Supper was a relative success. We ate together at the table. Even though Jack mostly smeared his kale around on his plate, there were few leftovers. Conversation consisted of daily routines, basketball, what fresh hell the weekend schedule will bring and a middle-school boy’s expectations for an upcoming school dance. (Side note: Expectations are high. Disappointment is sure to follow.)

Near the end of supper, Ginny called. Long ago, Ginny and I decided to each “claim” a parent that would be our primary responsibility. Ginny laid claim to Mama, because they are of like temperament. Plus, Mama tends to listen to Ginny more than she will me. Ginny says it’s because she’s not bossy and I am. Whatever. Gin was calling to ask me to call Dad and see if I could “fix” him, “He is your responsibility and he is making Mama crazy.”

Daddy has a love-hate relationship of epic proportion with modern technology. He was trying to use Google from his doo-da (iPad) and order something from Amazon. It wouldn’t work. The Google images were confusing.
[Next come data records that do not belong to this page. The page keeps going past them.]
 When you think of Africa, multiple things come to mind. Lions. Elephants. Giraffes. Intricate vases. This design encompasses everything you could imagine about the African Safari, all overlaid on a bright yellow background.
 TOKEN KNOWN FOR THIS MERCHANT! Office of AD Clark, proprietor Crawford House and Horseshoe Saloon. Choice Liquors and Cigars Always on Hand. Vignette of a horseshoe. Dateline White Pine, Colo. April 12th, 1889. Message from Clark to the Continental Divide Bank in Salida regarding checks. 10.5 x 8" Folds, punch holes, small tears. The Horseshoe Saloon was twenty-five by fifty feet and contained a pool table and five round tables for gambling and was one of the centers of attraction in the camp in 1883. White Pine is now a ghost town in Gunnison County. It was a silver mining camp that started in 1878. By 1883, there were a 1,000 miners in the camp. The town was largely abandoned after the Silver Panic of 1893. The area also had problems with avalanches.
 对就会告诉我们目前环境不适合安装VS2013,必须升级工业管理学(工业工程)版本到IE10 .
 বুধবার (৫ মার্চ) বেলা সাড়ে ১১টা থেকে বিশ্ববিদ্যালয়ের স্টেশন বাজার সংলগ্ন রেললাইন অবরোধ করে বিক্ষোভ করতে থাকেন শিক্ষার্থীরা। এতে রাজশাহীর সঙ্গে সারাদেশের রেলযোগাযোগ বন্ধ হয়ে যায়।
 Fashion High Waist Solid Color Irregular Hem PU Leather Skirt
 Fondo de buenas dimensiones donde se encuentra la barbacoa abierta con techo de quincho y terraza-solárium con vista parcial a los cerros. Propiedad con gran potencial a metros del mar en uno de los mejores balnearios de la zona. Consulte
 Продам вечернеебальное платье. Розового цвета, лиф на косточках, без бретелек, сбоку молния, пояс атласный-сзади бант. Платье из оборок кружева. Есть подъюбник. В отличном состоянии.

Amazon was clearly engaged in a conspiracy to get Dad to order something he didn’t want. “Why does it keep asking me for my number? What’s this stupid thing talking about?” I reassured him that I could handle both the Googling and the Amazon ordering. Crisis averted.

Once off the phone and back at the kitchen table, Colin asked what it was all about. I explained. “So, are Jack and I supposed to claim one of y ’all, too?” he asked. “I guess so,” I said, “Although Ginny and I are really just teasing.” He was quiet for a while and supper continued. A little later, Colin put his arm around his Daddy’s shoulder, looked at Jack and said, “Ok, but just in case, I call dibs on Dad.”

Jack’s default, whether he likes it or not? Also me.